Data entries
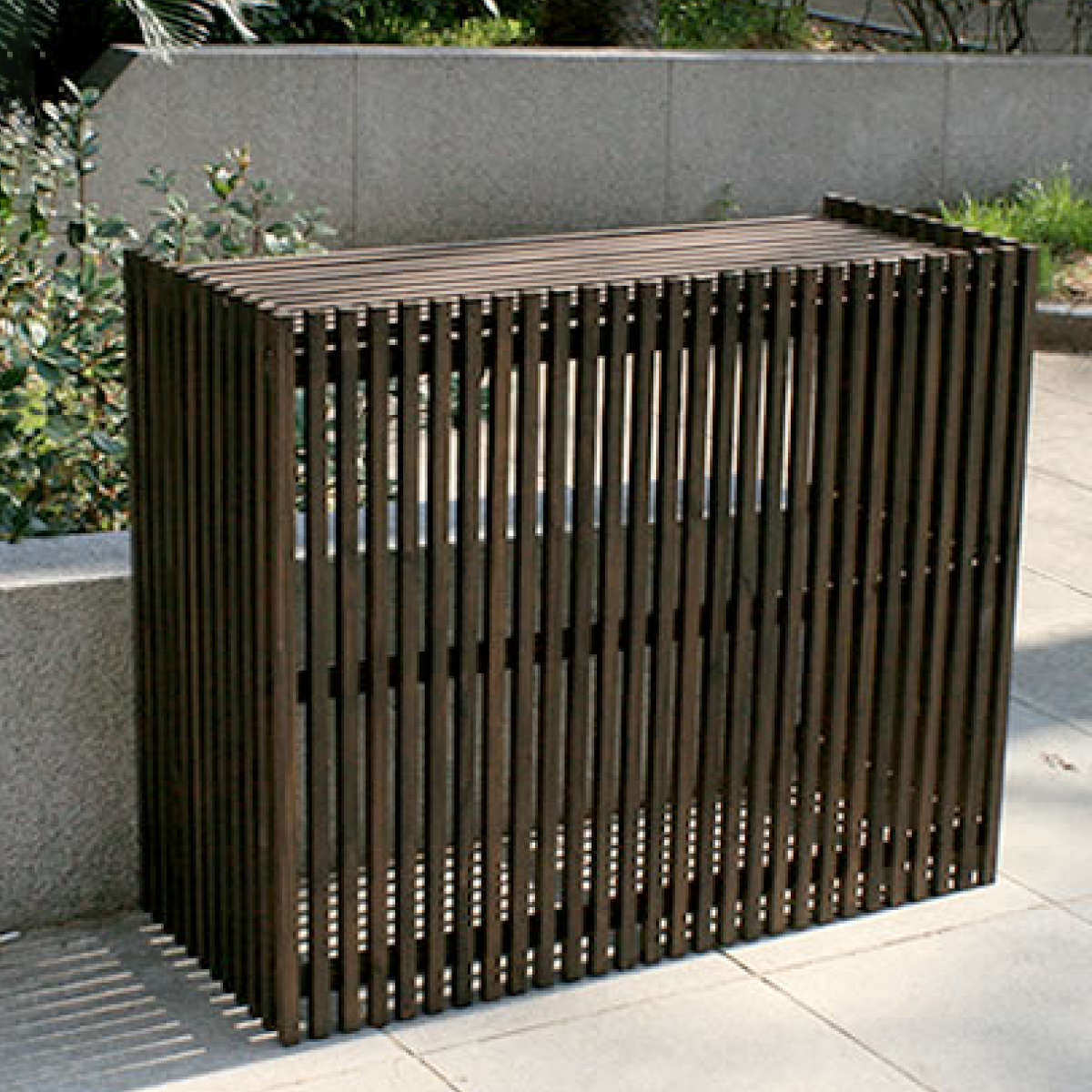 なかなかない縦ストライプのモダンなデザインは、和洋どんなテイストでもマッチします。お庭やベランダなど、場所を選ばず設置できます。大型室外機対応のビッグサイズです。
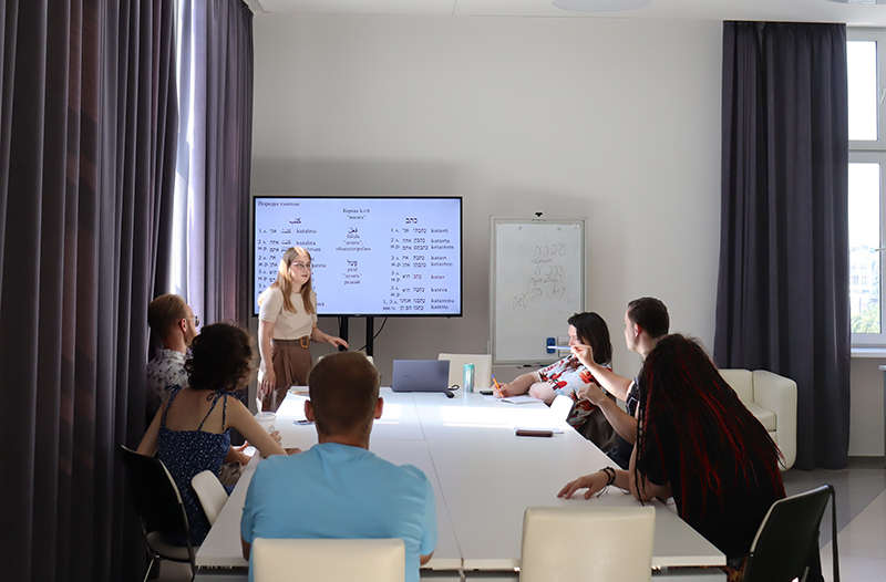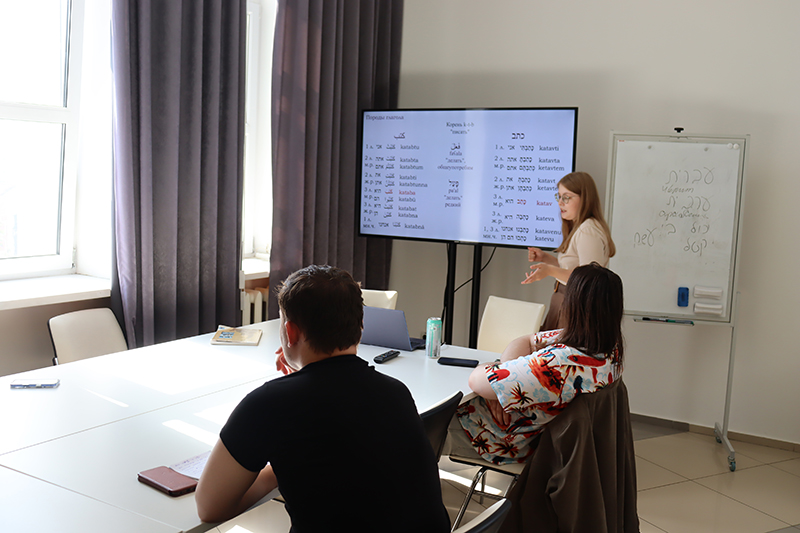 Занятие началось с чтения и анализа текста на иврите. В качестве грамматического компонента участникам было предложено изучение глагольных форм прошедшего времени.
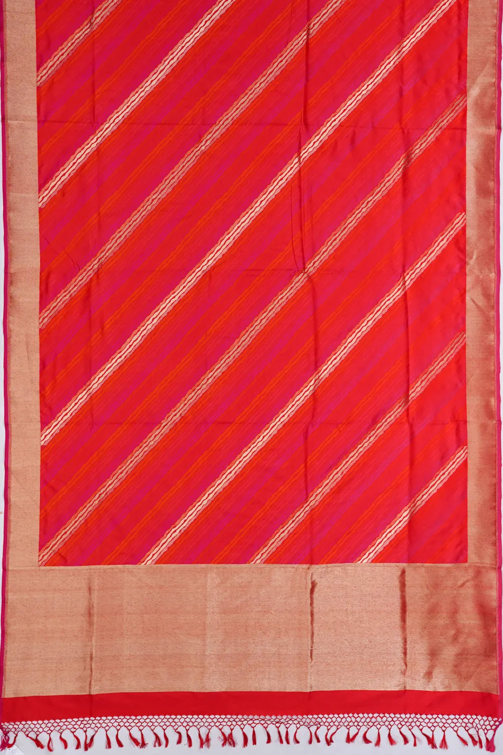 The saree is complemented by a richly detailed pallu, woven with intricate zari motifs that exude heritage charm
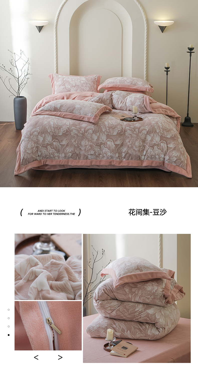 (总)米奈家居 2025新款立体雕花拼角款牛奶绒四件套,浮光-灰,浮光-咖,花间集-豆沙,花间集-蓝,花如玉-蓝,花如玉-驼,秋影-粉,秋影-灰蓝
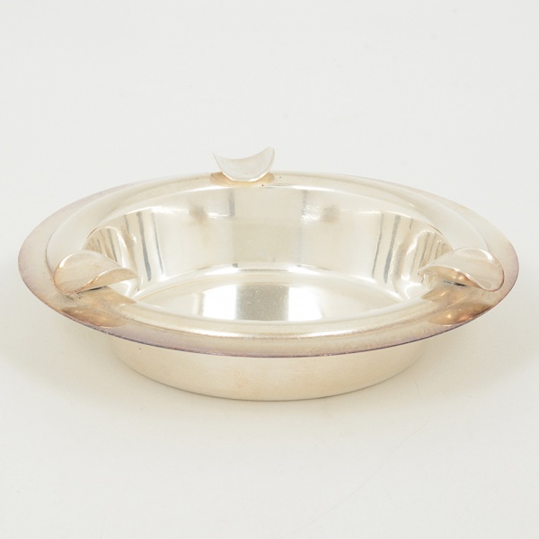 • METAL PRATEADO, um (1) cinzeiro liso, medindo 12,5 cm diâmetro, sinais de uso, vide foto.
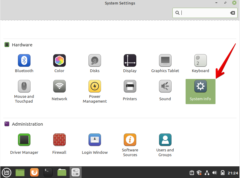 - Once you click on the system settings, the following window will display your system where you will see the different management applications. Scroll the mouse cursor on the displayed window and click on the ‘system info’ icon as follows:
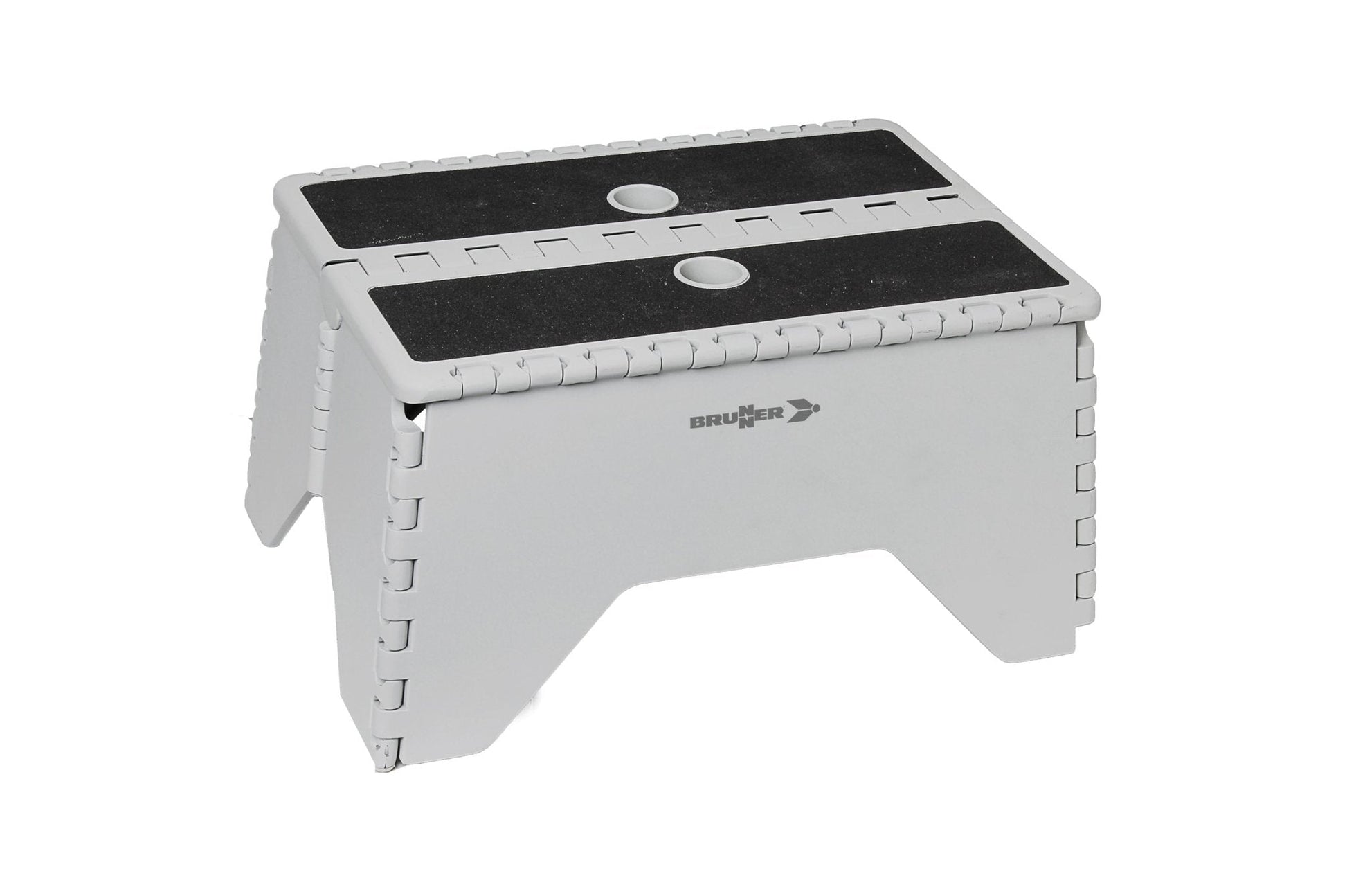 Kompakte Klapptrittstufe für Caravaning, Camping und Haushalt. Robuste, strapazierfähige Kunststoffkonstruktion. Mit rutschfester Trittfläche. Einfach zu falten und verstauen.
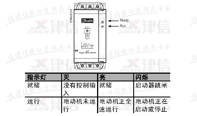 在MCD200軟啟動器面板上,有就緒和運行兩盞顯示燈,當正常運行時,運行燈亮,當發生故障時,就緒顯示燈會出現閃爍,并以不同閃爍次數代表不同的故障含義:
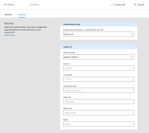 First, custom APIs now support API Key authentication. This means you can define a header or a query string that will be sent on all of the requests to your API. Second, Custom APIs now can authenticate against any service that supports the full OAuth 2.0 specification. This requires you to provide:
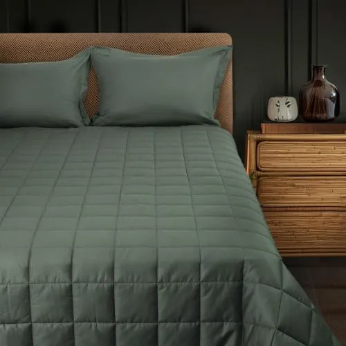 Комплект выполнен в гармоничном сочетании цвета морской волны и молочного оттенка, и входящее в него одеяло декорировано геометрическим узором в виде квадратов. Такое решение прекрасно подойдет для интерьера в современном стиле.
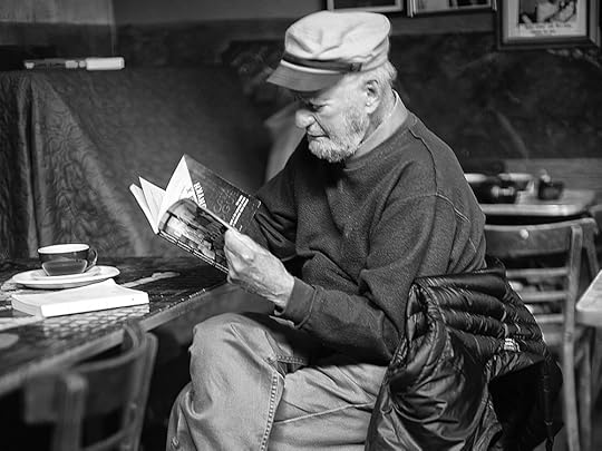 Lawrence Ferlinghetti at Caffe Trieste, 2012. Photo: Christopher Michel (CC BY-SA 4.0 (https://creativecommons.org/licenses/...)). Via Wikimedia Commons.
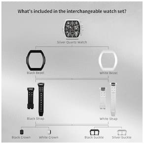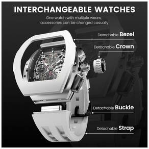 Descubra a versatilidade e elegância do relógio TSAR BOMBA Intercambiável para homens. Este relógio inovador permite que você personalize seu estilo com dois conjuntos completos de bezels, pulseiras e coroas intercambiáveis, oferecendo inúmeras combinações para você se destacar em qualquer ocasião, seja em eventos diários, semanais ou mensais. O design sofisticado em formato tonneau com uma ponte dupla arqueada proporciona conforto excepcional ao uso prolongado. A instalação dos componentes é simples: basta encaixar a coroa girando e pressionando firmemente para dentro, fixar a pulseira pressionando o botão traseiro e empurrando, e colocar o bezel pressionando firmemente nas posições indicadas. O kit inclui um relógio com movimento quartzo japonês preciso, 2 bezels, 2 pulseiras, 2 coroas e 2 fivelas para máxima personalização. O cristal de safira sintético altamente resistente evita riscos e a caixa de fluoroelastômero oferece resistência ao calor e durabilidade melhorada. Além disso, a pulseira feita do mesmo material é à prova de suor, respirável, confortável e durável. Este relógio é resistente à água até 100 metros, protegido contra suor, chuva e respingos, mas recomenda-se evitar o uso em água quente. Funcionalidades adicionais incluem calendário integrado e cronógrafo, tornando-o prático e divertido para o dia a dia. Um presente luxuoso para ocasiões especiais como Natal, Dia dos Pais, aniversários, casamentos e eventos casuais, o TSAR BOMBA é sinônimo de estilo e qualidade superior.
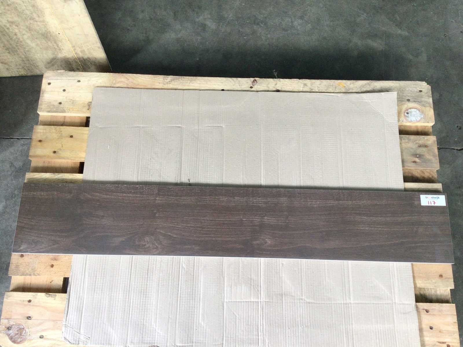 Nee Merk: Villeroy&Boch Kleur: Caviar Afwerking: Mat Lengte: 200mm Breedte: 1200mm Dikte: 10mm Materiaal: Keramiek Type: Vloertegel Model: Oak park 2792HR90 Style: Houtlook Aantal m² per verpakking: 0.96m² Aantal pakken: 30 Totaal oppervlakte: 28.8m² Totaal gewicht: 600kg
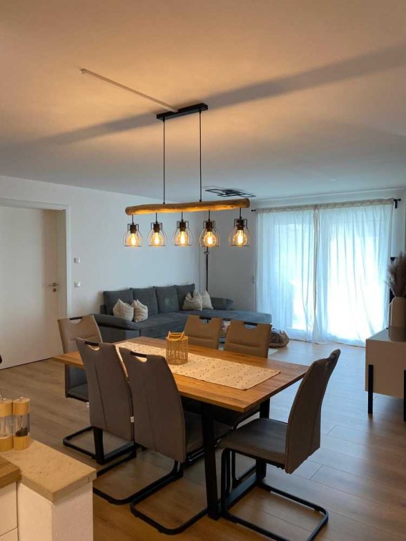 - helles Wohn- und Esszimmer mit Küchenbereich und Zugang
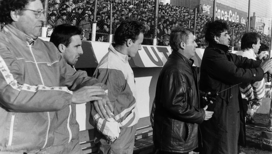 * În fotografia realizată de Viorel Musca pe 22 martie 1995, UTA reușea o victorie de senzație în fața Rapidului, 1-0 cu gol marcat de More Târțău. Pe bancă, antrenorul Gigi Borugă, secondat de Ladislau Korossi, au trăit intens mai ales minutele de final
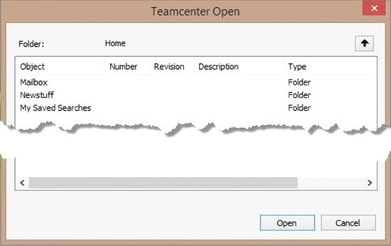 PC-DMISがTeamcenterへの接続を確立したら、固有のTeamcenter Openダイアログボックスが開きます。このダイアログボックスを使用すると、Teamcenterデータベース内で移動できます。それはデータベースに保存されたフォルダおよびファイルを表示します。
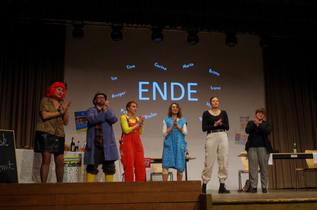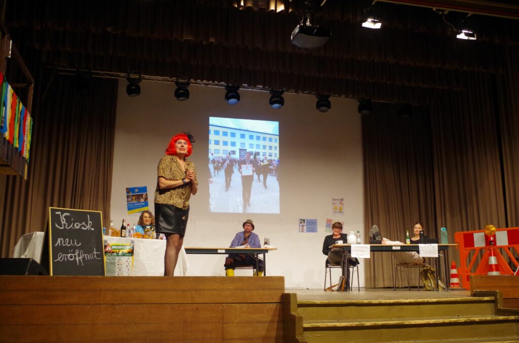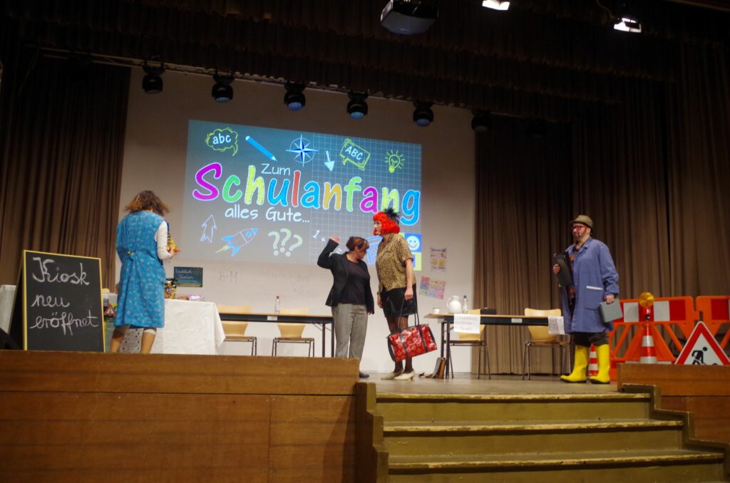 Die Bühnenkulisse zeigte eine Schule in Vorbereitung auf den Elternabend. Doch die Geschichten hatten kaum die Schule als Thema, allenfalls noch die Verwechslung von Apfelsaft und Apfelmost als Pausengetränk. Vielmehr ging es um das Schlossfest und das Ärgernis dabei, sein Auto in der Tiefgarage zu parken und den Hinweis „Rolltor schließt um 22 Uhr“ zu übersehen. Natürlich wurde auch der eine oder andere Fehler der Stadtverwaltung erzählt, so die Markierungen für den Flohmarkt. Statt diese rechtzeitig nach dem Fest zu entfernen, wurden sie weit vor dem Fest angebracht und sind nun noch länger ein Ärgernis einiger Anwohner.

* [Exercise prompt] Transcribe exactly the lines above, beginning at the one with "First, custom APIs" and going up to and including the one with "Lawrence Ferlinghetti at". Pictures do not belong in the copy.

* [Solution to this exercise]
 First, custom APIs now support API Key authentication. This means you can define a header or a query string that will be sent on all of the requests to your API. Second, Custom APIs now can authenticate against any service that supports the full OAuth 2.0 specification. This requires you to provide:
 Комплект выполнен в гармоничном сочетании цвета морской волны и молочного оттенка, и входящее в него одеяло декорировано геометрическим узором в виде квадратов. Такое решение прекрасно подойдет для интерьера в современном стиле.
 Lawrence Ferlinghetti at Caffe Trieste, 2012. Photo: Christopher Michel (CC BY-SA 4.0 (https://creativecommons.org/licenses/...)). Via Wikimedia Commons.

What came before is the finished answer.